Two additional regions demonstrated significant replication in the German case/control sample. Both of these regions are relatively large and may span multiple independent signals. The first, on 17q11, spans three relatively large blocks of LD and exhibits multiple signals with minimum P values of 5.13 × 10−5 in the QFP and 1.29 × 10−7 in the German case/control sample (SI Fig. 5). The second region, on chromosome 17q23, spans at least three large LD blocks. Again, multiple signals were observed in this region, with minimum P values of 5.39 × 10−4 in the QFP and 1.10 × 10−5 in the German cases/controls (SI Fig. 6).

Discussion

Recent GWA studies, including the one presented here, are beginning to reveal a clear picture of the major susceptibility genes and loci for CD (1521). We identified three of the most replicated loci within our top seven GWA signals (NOD2, IBD5, and IL23R). Other loci that have been reported, such as the ATG16L1 gene, the IRGM gene, a locus on 1q24, and an intergenic region near the PTGER4 gene, are also observed in this study but exhibit lower statistical significance (≈0.001). One of our most convincing replicated regions (3p21.3) was also observed in the most recent published GWA study (16, 21). The lack of complete overlap in association signals from the recent GWA studies may be due to genetic heterogeneity, differences in phenotype definition, sample sizes, and SNP distribution in the various scans.
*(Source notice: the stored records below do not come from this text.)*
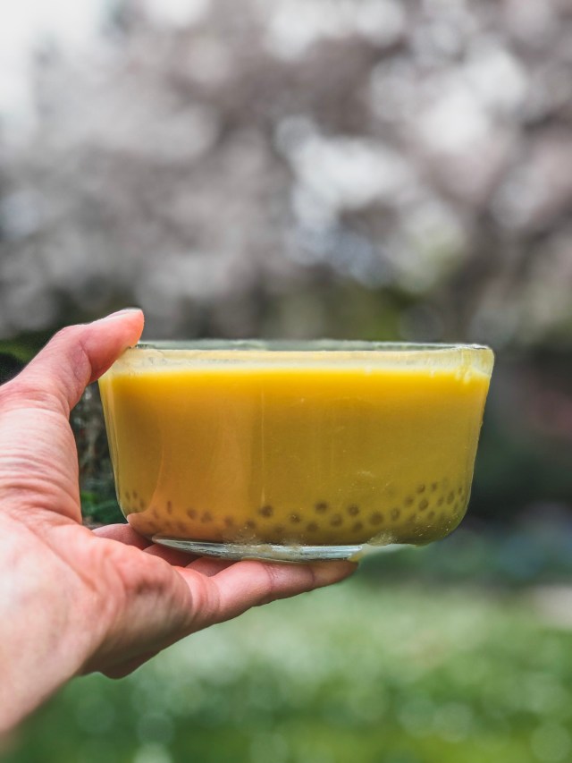 While I’ve seen other mango sago recipes that call for blending mango into a puree before mixing it into the coconut milk, I opt for convenience. And as an added bonus, you have less dishes to wash. You can soak the sago prior to boiling or not, it doesn’t make a huge difference in texture in my opinion. Then, just mix all the ingredients together and boil on the stovetop. That’s it! If you leave the sago to chill in the fridge overnight, you’ll end up with a thick, pudding consistency the next day. You can eat is as a pudding or thin it out with more juice to bring it back to a soup. Really, you can just eat this however you want. Give it a try!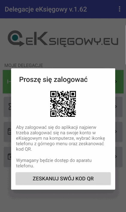 Po uruchomieniu aplikacji mobilnej, aby się zalogować należy zeskanować kod QR który jest wyświetlany po zalogowaniu się w przeglądarce przez pracownika.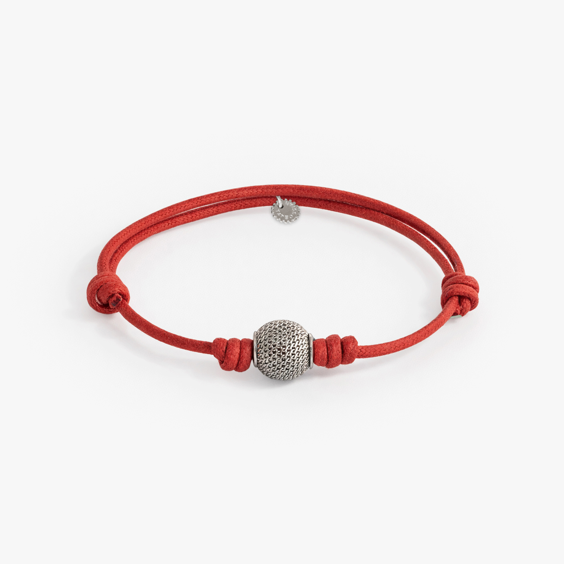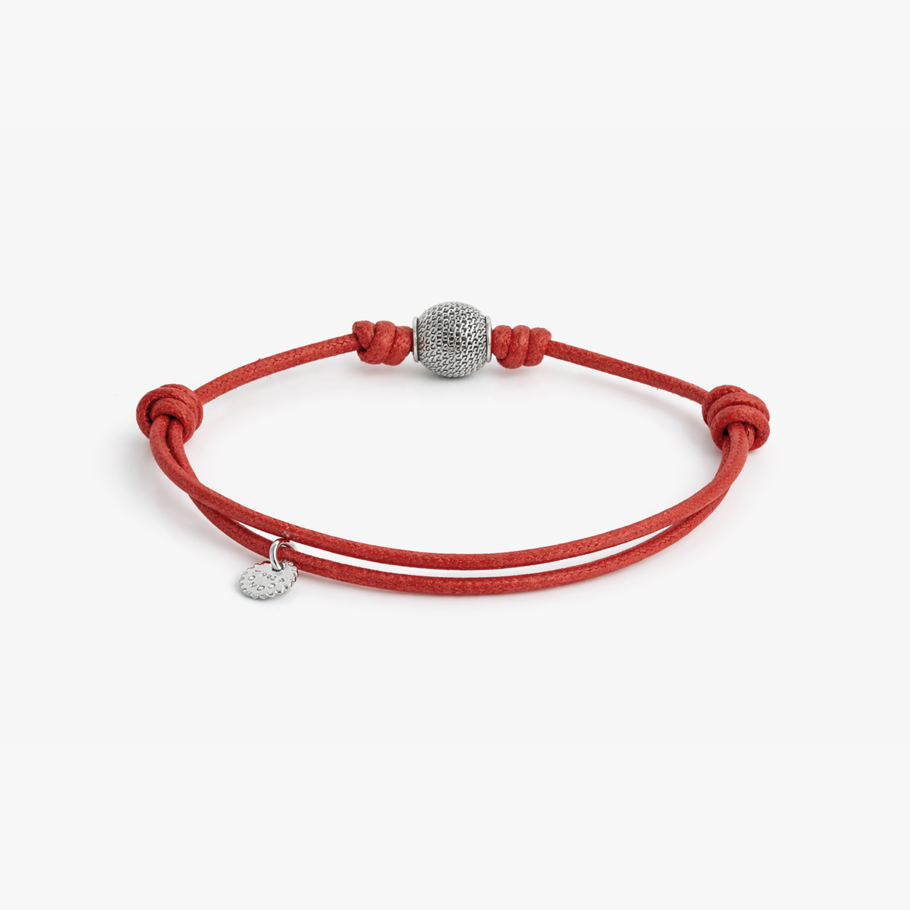 Valentine's Red Mesh Bead Cord Bracelet in Rhodium Plated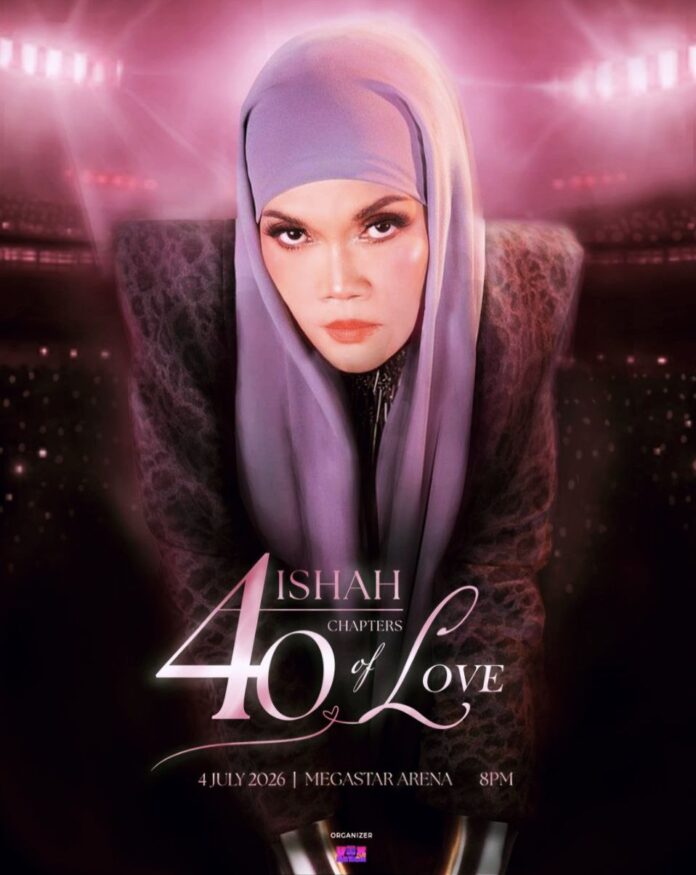 Impian anda untuk menyanyi bersama-sama Aishah atau Wan Aishah Wan Ariffin, 61, bakal termakbul jika anda hadir ke konsert “Aishah 40 Chapters of Love”, yang akan berlangsung pada 4 Julai 2026, jam 8 malam di Megastar Arena, Kuala Lumpur.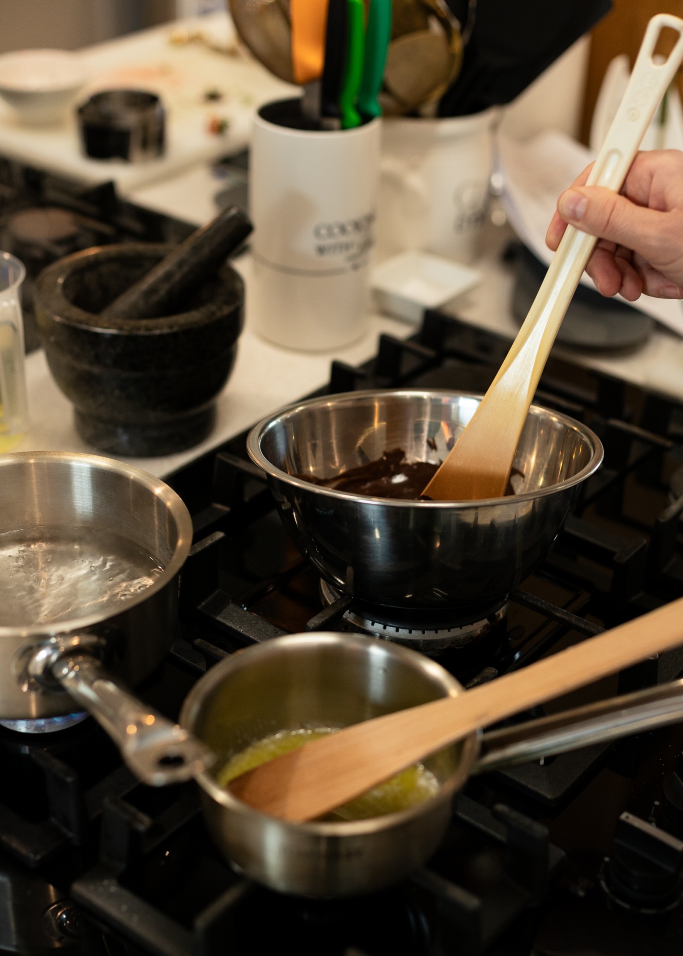 Ręka mieszająca roztopioną czekoladę w stalowej misce na kuchence gazowej; obok garnuszki z wrzącą wodą, masłem i drewnianymi łopatkami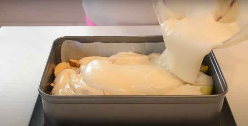 Mes pilame tešlą ant obuolių, bandydami juos užpildyti tolygiai.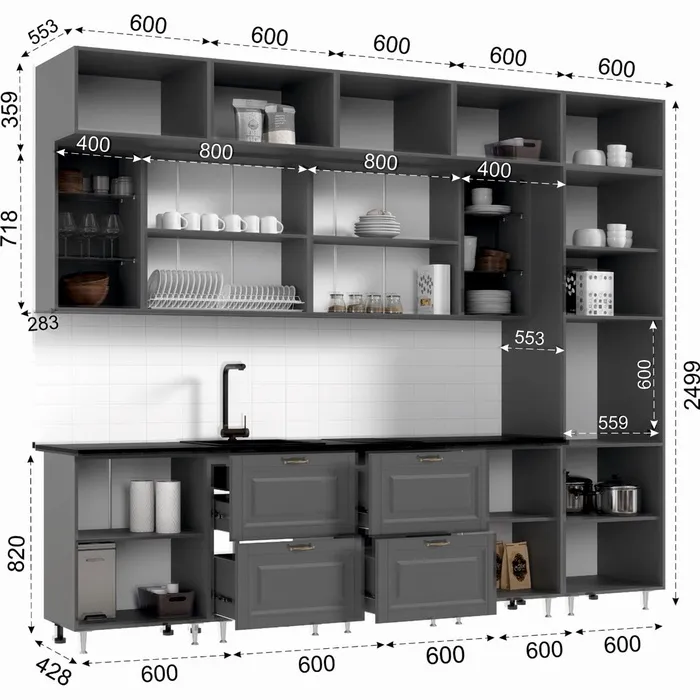 - Высота кухонного гарнитура - 2499 мм.

We have also presented the most extensive analysis to date of the association of the IL23R region with CD. Our results suggest that it is highly unlikely that the nonsynonymous SNP rs11209026 (R381Q) fully explains the functional role of this gene in CD etiology. This SNP does not occur consistently in all risk and protective haplotypes. In addition, there is strong evidence for an epistatic interaction between polymorphisms located in the 5′ and 3′ end of the gene. It is possible that variants controlling isoform expression of IL23R are the major causative mutations. Interestingly, we have shown that a short isoform is up-regulated in CD patients.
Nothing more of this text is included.